Pine Creek Example 1

This example follows the Hematite and Methanol examples. With one major difference, Hematite and Methanol cubes are generated in laboratory conditions and are easier to analyse. For the Pine Creek example, the HSI cube comes from a satellite.

Before the analysis, four bands ranges were removed. They correspond to atmospheric scattering. Twelve endmembers was extracted and their corresponding abundance maps generated by NNLS. After inspecting the abundances maps, five endmembers are kept and are used to create the classes’ maps. For the classification step SAM and SID is used. For this particular case, SID gives a better result than SAM.

Finally, at the end of this document you can compare the endmembers classification to a supervised ECHO clustering made by David Landgrebe with the MultiSpec software. ECHO clustering do a right classification for 16 features, ECHO is a clear winner here.

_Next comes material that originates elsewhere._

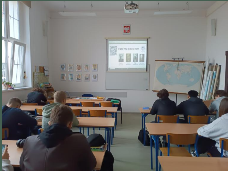
„Patroni Roku 2025” (10.2024)

In conclusion, endmembers extraction carries useful information and can be use to do a 'preview or quick' classification. However, it does not beat a standard clustering algorithm. Abundance maps can be analysed individually. By example, EM4 and EM8 show many of the buildings and roads and EM2 give a good distribution of the forest. The former is the subject for the next example on Pine Creek.

In [1]:
%matplotlib inline
import os.path as osp
import numpy as np

import pysptools.util as util
import pysptools.eea as eea
import pysptools.abundance_maps as amp
import pysptools.classifiers as cls
import pysptools.material_count as cnt

def remove_bands(M):
    """
    Remove the bands where there is atmospheric
    scattering.
    Remove:
        [0..4]
        [102..110]
        [148..169]
        [211..end]
    """
    p1 = range(5,102)
    p2 = range(111,148)
    p3 = range(170,211)
    Mp = M[:,:,p1+p2+p3]
    return Mp

data_path = '../data1'
sample = '92AV3C.hdr'

data_file = osp.join(data_path, sample)
data, header = util.load_ENVI_file(data_file)

# Remove some bands
data_clean = remove_bands(data)
# reduce the number of bands
header['wavelength'] = range(1, data_clean.shape[2]+1)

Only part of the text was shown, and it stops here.